Ticket brokering is a 'booming' business on the ´net

Statements from The Ski Bums www.skibumsguide.com

 
The Ski Bums sell and trade lift ticket vouchers and coupons on the net. The internet has taken "ticket brokering" from pro football tickets, to airline miles, and now ski lift ticket vouchers......

January 2 2004--Some people feel strongly that reselling tickets (or “scalping”) is a crime that should be punished. After all, many jurisdictions around the country have laws preventing people from reselling passes to popular sporting events, airline miles, and ski lift tickets.

We believe that the people who support these laws should take a good look at how ticket brokering (or trading) is being conducted on the Internet and elsewhere and the invaluable advertising and exposure that is generated for events, in this case the ski resorts themselves, the supposed “victims” of scalping.

Via the Internet, ticket reselling really is becoming a win-win situation for both skiers and resort management. After all, advertising brings skiers/boarders and those folks keep the resorts in business. We think that it the short run, this internet activity could hurt ski resorts' bottom line because it tends to push competition, and drive the price down. However, we also believe this activity is good because it creates exposure for the resorts, and this helps increase the numbers of people that get out on the slopes in a given year.

An auction site such as eBay often generates excitement when tickets are bid above face value. This is obvious when it comes to something like Super Bowl tickets which get bid up to ridiculously high amounts on auction sites, and then a slew of media coverage follows the prices on the sites and talks endlessly about how much they went for. But the same thing happens on a smaller scale with ski ticket vouchers. The price of a lift ticket on an auction site can be quite volatile because the season is short and it is dependent on weather. Bidding on auction sites adds excitement and advertising value for a ski resort just like it does for the Super Bowl. 

Collecting discounted ski ticket vouchers and reselling them, thereby promoting the best ski deals currently available around the country increases visibility. This naturally generates a tremendous amount of excitement and exposure for the resorts on the eve of the season and beyond.

Ticket brokering and trading is a real booming business on the Internet, especially through popular auction sites like eBay and Yahoo.

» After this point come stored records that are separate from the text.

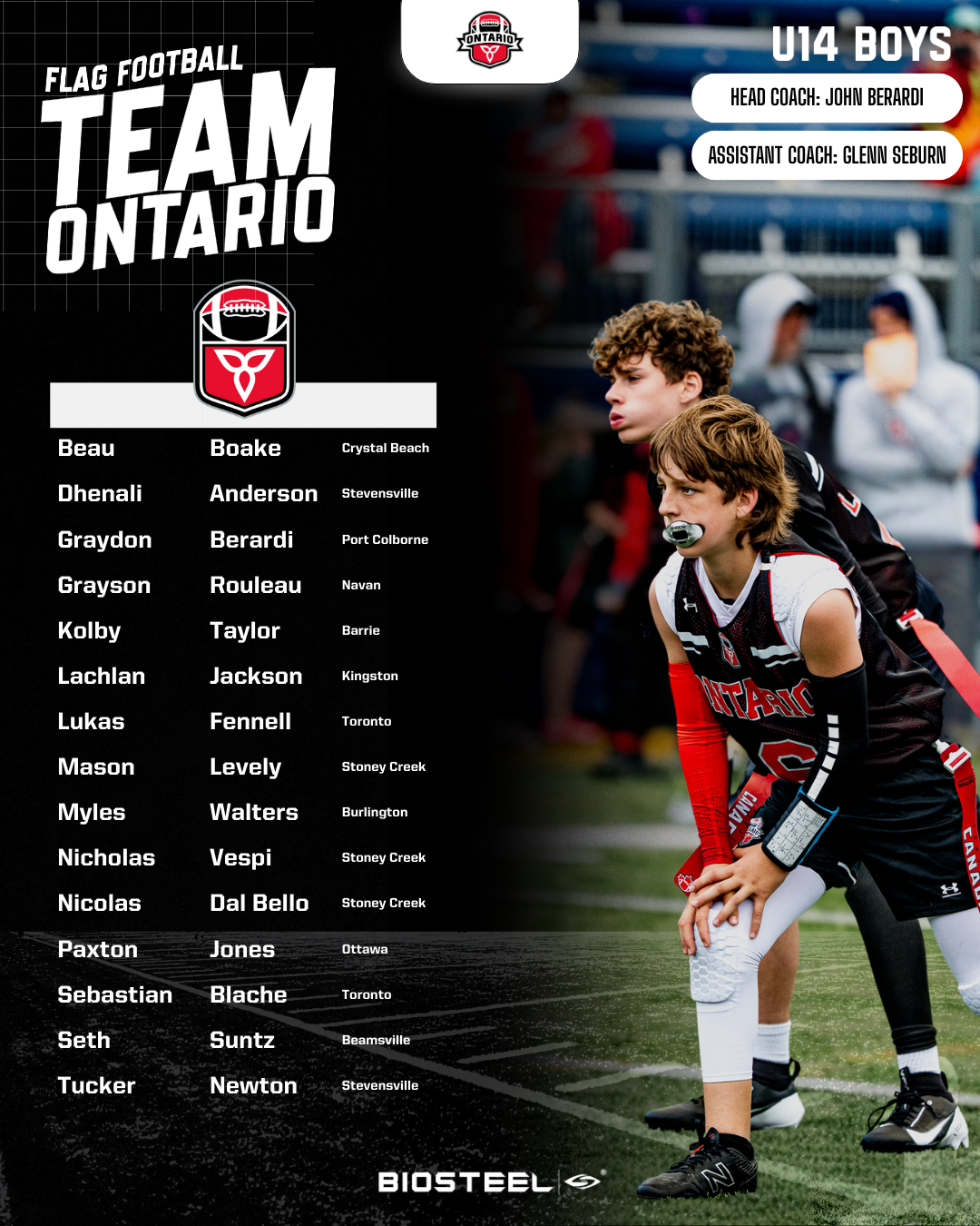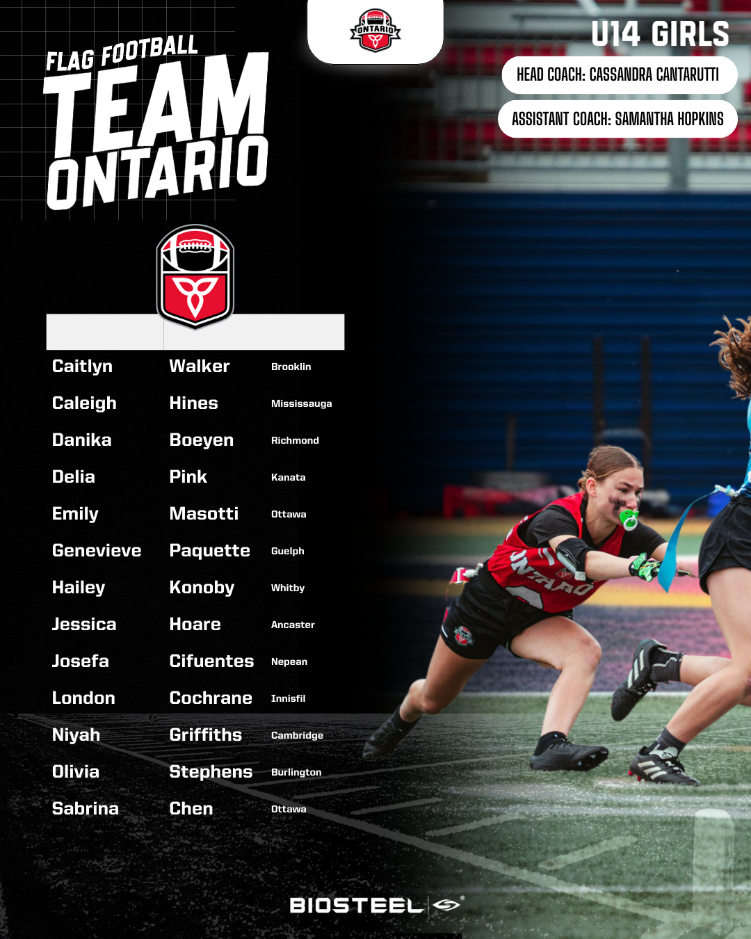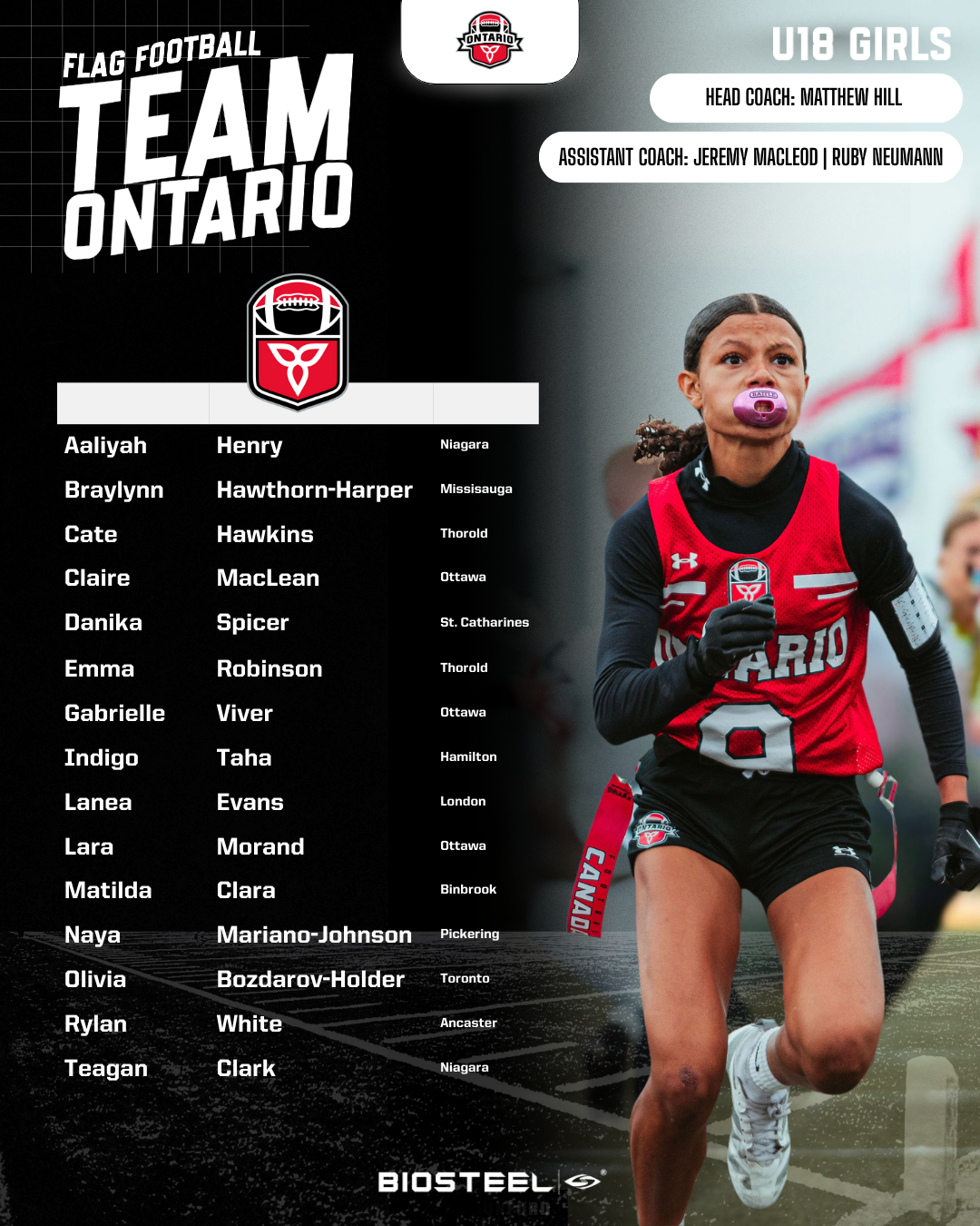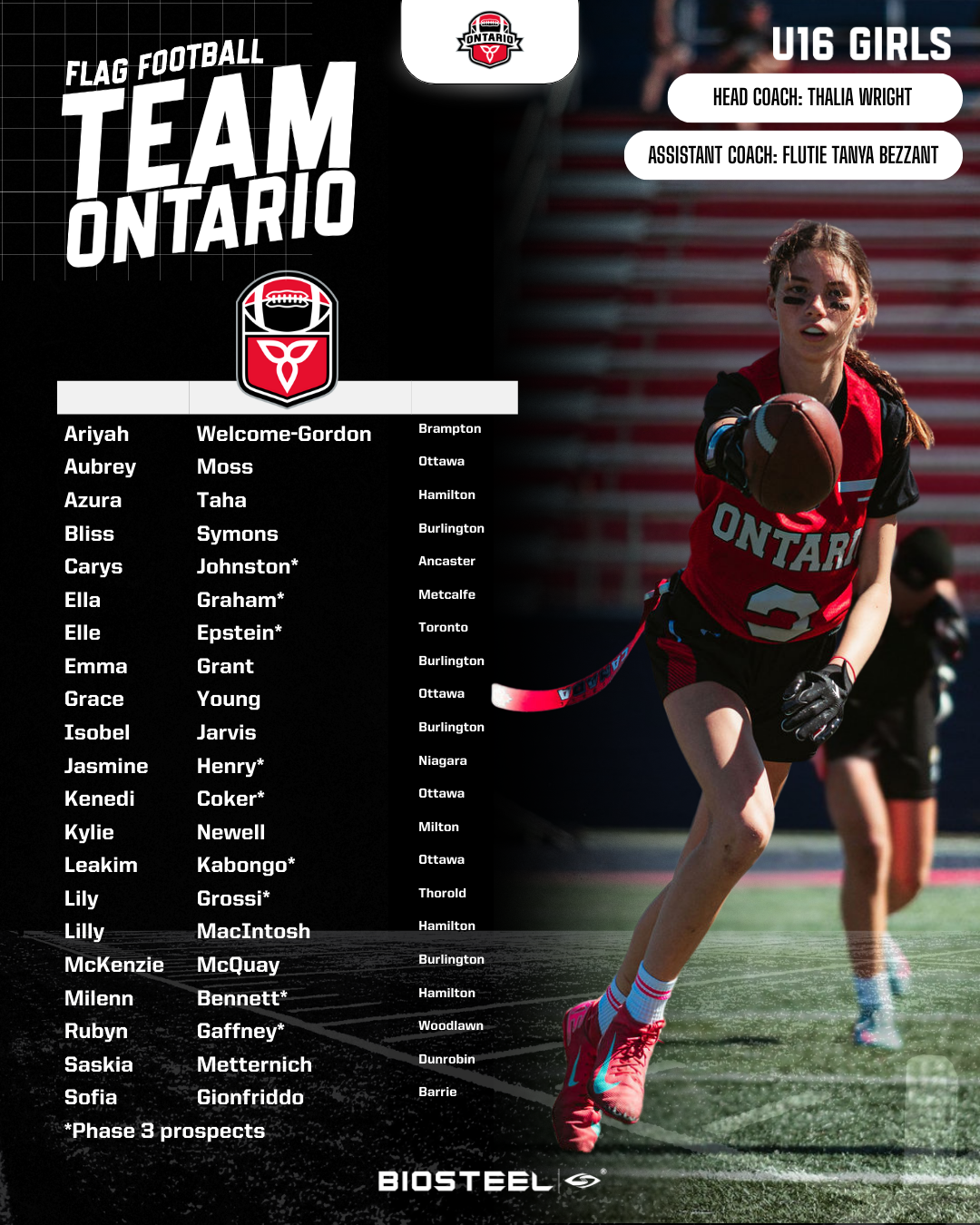 “We are building off of last year’s momentum with the goal of competing for gold, or at minimum, a podium finish in every division,” said Olivia Ghosh-Swaby, Manager of Flag Development. “We are already extremely proud of our U16 Boys team, who represented Canada at the Junior International Cup. That experience speaks to the talent within our program and the pathway we are continuing to develop for flag football athletes in Ontario.”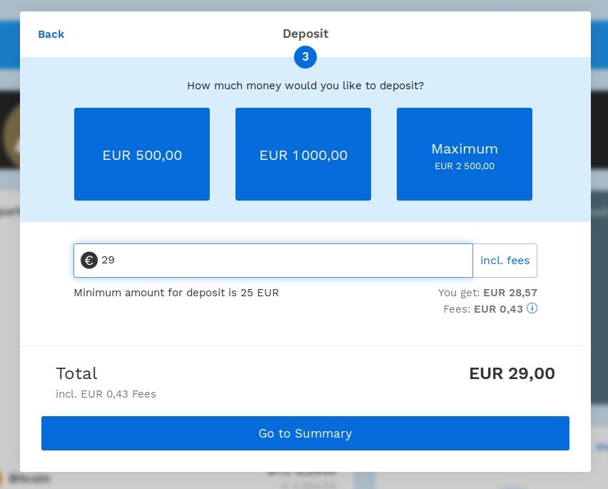 Actualización: ya está hecho. Tengo una cuenta en Bitpanda en la que dejan hacer depósitos de efectivo a partir de 25 euros (justito), porque para comprar criptodivisas primero tienes que tener dinero transferido a estos servicios. El proceso, por si os pica la curiosidad, es el siguiente: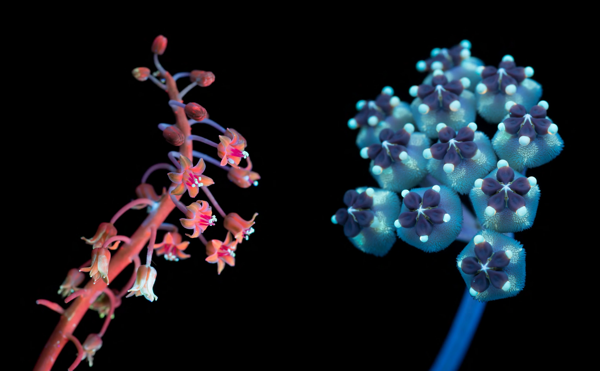 Photographer Craig P. Burrows say, Bees see in the ultraviolet spectrum. Their world is completely foreign to the human eye, full of electric, alien colours and luminous, vibrant light that we can only imagine. Shooting UVIVF doesnt show us exactly how bees see the world, but it does enable us to better contemplate pollinator vision and understand these vital species and their importance to the future of life on earth.

Sporting events tickets are traded and scalped on a slew of sites in huge quantities.

Reselling any tickets at venue sites is usually against local ordinances, so localities can and do enforce ticket scalping laws at the venues themselves. In other words, you will often be arrested if you sell your tickets in front of the event ticket window (or anywhere in the area). However, time and again it has been shown that reselling tickets and vouchers is not illegal in many jurisdictions, and through many venues. You can resell your pro football tickets online, and you can sell your lift ticket vouchers online. You paid for both. It's your property. You really can not be dictated to on how you dispose with the property that you have purchased (or that you were "given"). The basic argument saying that reselling and scalping tickets is illegal just isn't always true.

Scalping is technically selling a ticket at higher than face value. In many local jurisdictions and venues it is legal to sell a ticket at face value, but it is not legal to sell it at greater than face value. Of course, when football, basketball, or baseball tickets (or ski ticket vouchers) are bid upon on eBay, they often go for over the face value, or over the amount that was originally paid for the ticket.

Reaction from skiers and snowboarders is clearly positive, but from the resort owners? Well, that is decidedly mixed. They don't really know what to think.

The Denver Post and Durango Herald of Colorado recently reported the angst that some resort managers feel over the selling and trading of lift tickets and vouchers on the Internet. The Durango Herald reported in a recent article (http://durangoherald.com/asp-bin/article_generation.asp?article_type=out&article_path=/outdoors/out031130_1.htm) that a bulk of the 17,000 free lift tickets handed out by Crested Butte at the first Denver Nuggets game in November are now selling for $45 each on eBay.

"Obviously that's not in the spirit of any of these promotions," said Crested Butte spokeswoman Gina Kroft as reported in the Herald. “Particularly galling for resort operators is watching vacationing skiers pay $40 for a lift ticket and a coupon for four more discounted lift tickets that would have cost far more at the ticket window,” the article continued.

“Oh, that just drives John nuts,” Kroft said of Crested Butte CEO John Norton. “But it's hard to avoid, especially when you distribute as many as we did.”
 

The article also noted that Durango Mountain Resort officials don't have many problems with passes being sold or traded on the Internet.

“It's inevitable that one or two would wind up there,” Matt Skinner, the resort´s communications director told the Durango Herald. “If it became more of a problem we would have to re-examine more of our promotions.”


Not all resorts are “hip” to what could really benefit them in the long run. But they will likely come around eventually. Who wouldn´t want free advertising, after all?